REQUIREMENT ▸
Note the line containing "This sophisticated shoulder"; from it through the last line below, give only those lines again, exactly, both ends included, skipping pictures.

SOURCE DATA ▸
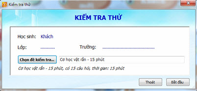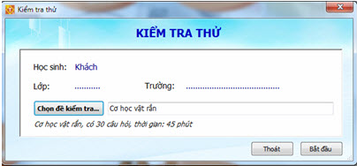 Muốn in nháy nút trên thanh công cụ của màn hình trên. 6. Kiểm tra thử Chức năng kiểm tra thử gần giống hoàn toàn chức năng Kiểm tra định kỳ, điểm khác duy nhất là điểm số không được lưu lại trong số học bạ của học sinh. Để thực hiện chức năng này không cần Đăng nhập vào phần mềm. Giao diện màn hình chính như sau:
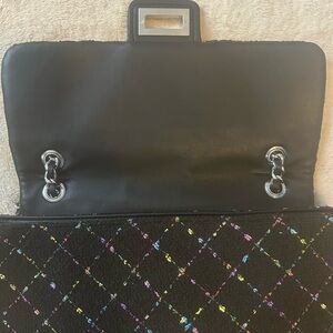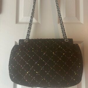 This sophisticated shoulder bag by Karl Lagerfeld features a timeless black quilted design, complemented by a sleek silver chain strap. Gently used in good condition with minor wear shown in last pic. Clean interior. Size Width 25” Height 8”
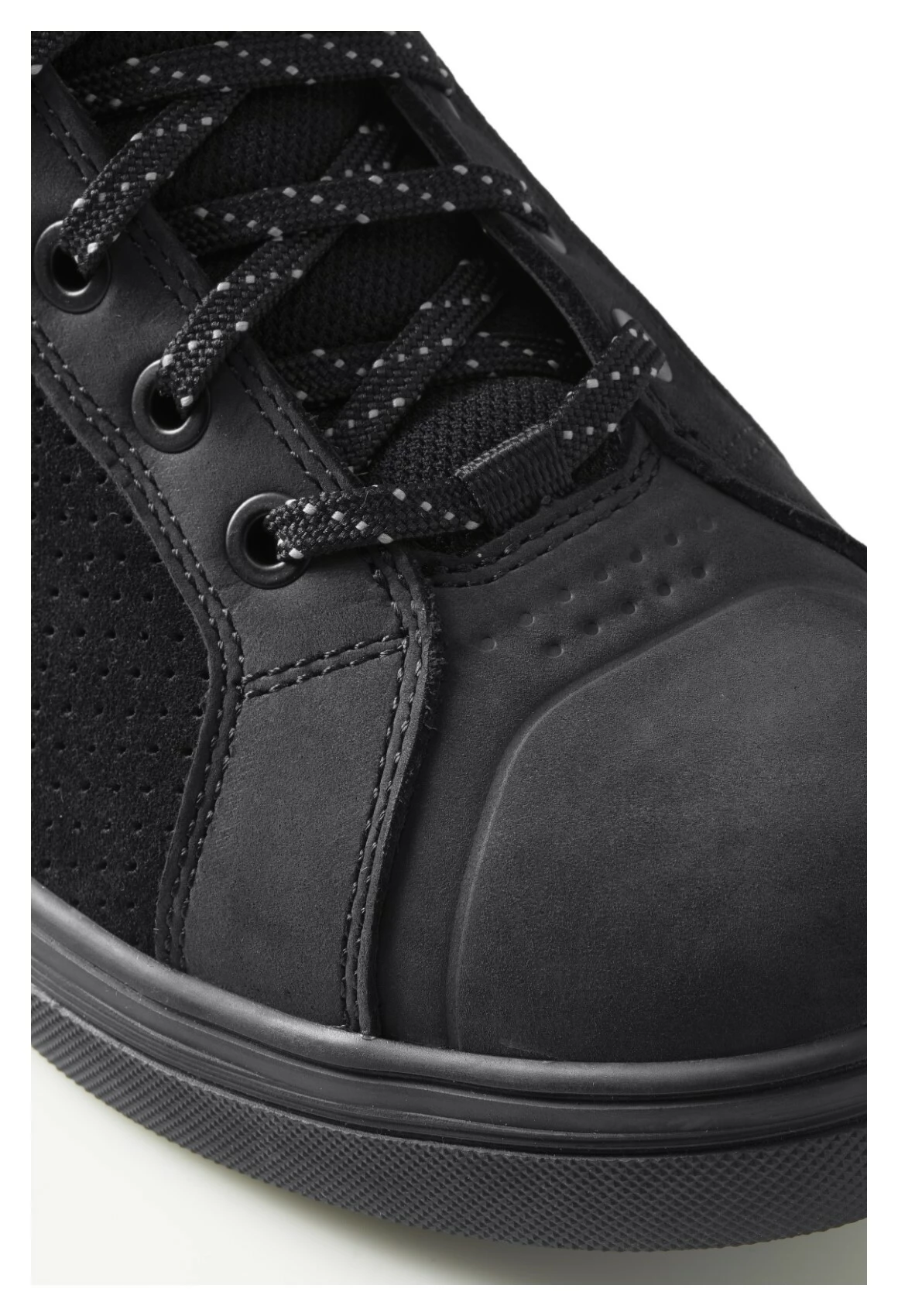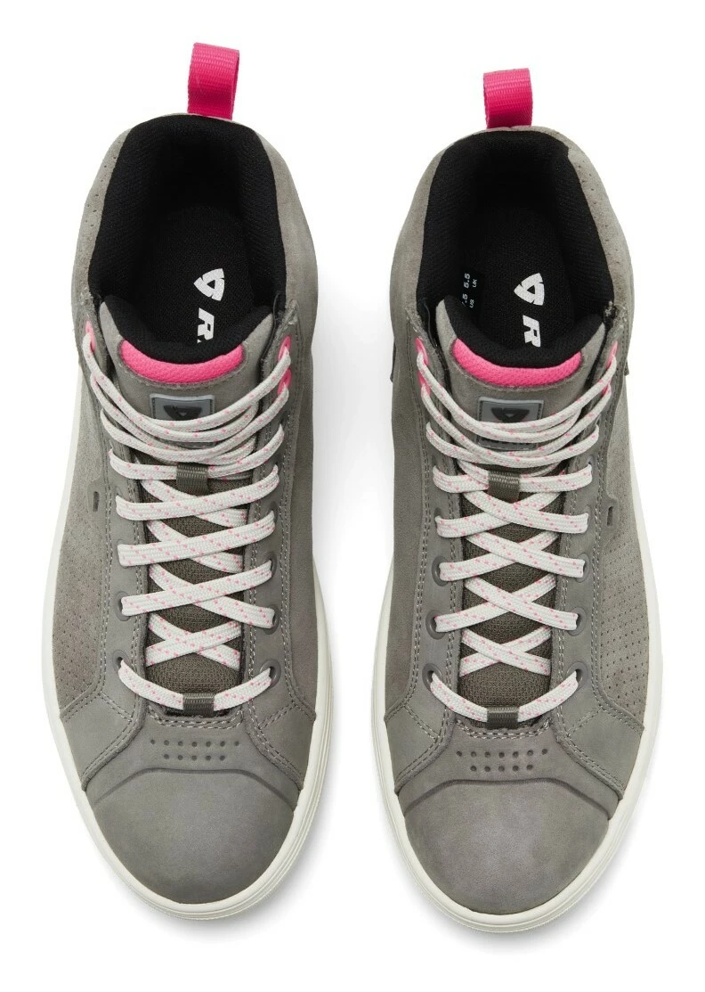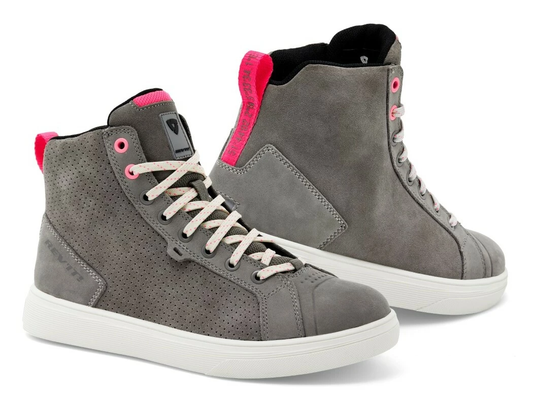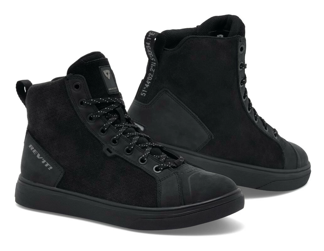 The Arrow Riding Shoes from REV’IT! blend CE rated rider protection into a casual “dunk” style riding shoe. A highlight of the Arrow Shoes is the three uniquely finished types of cowhide that help animate the Arrows’ simplified design. Starting with the outer side panels, REV’IT! applies perforated, oiled suede. The inner panel of the upper is again oiled suede but without perforation for increased durability against control snags and hot engine parts. Leather at the tongue, eyelets, heel and toe cap are all soft nubuck.ย

RESULT OF THE EXERCISE ▸
 This sophisticated shoulder bag by Karl Lagerfeld features a timeless black quilted design, complemented by a sleek silver chain strap. Gently used in good condition with minor wear shown in last pic. Clean interior. Size Width 25” Height 8”
 The Arrow Riding Shoes from REV’IT! blend CE rated rider protection into a casual “dunk” style riding shoe. A highlight of the Arrow Shoes is the three uniquely finished types of cowhide that help animate the Arrows’ simplified design. Starting with the outer side panels, REV’IT! applies perforated, oiled suede. The inner panel of the upper is again oiled suede but without perforation for increased durability against control snags and hot engine parts. Leather at the tongue, eyelets, heel and toe cap are all soft nubuck.ย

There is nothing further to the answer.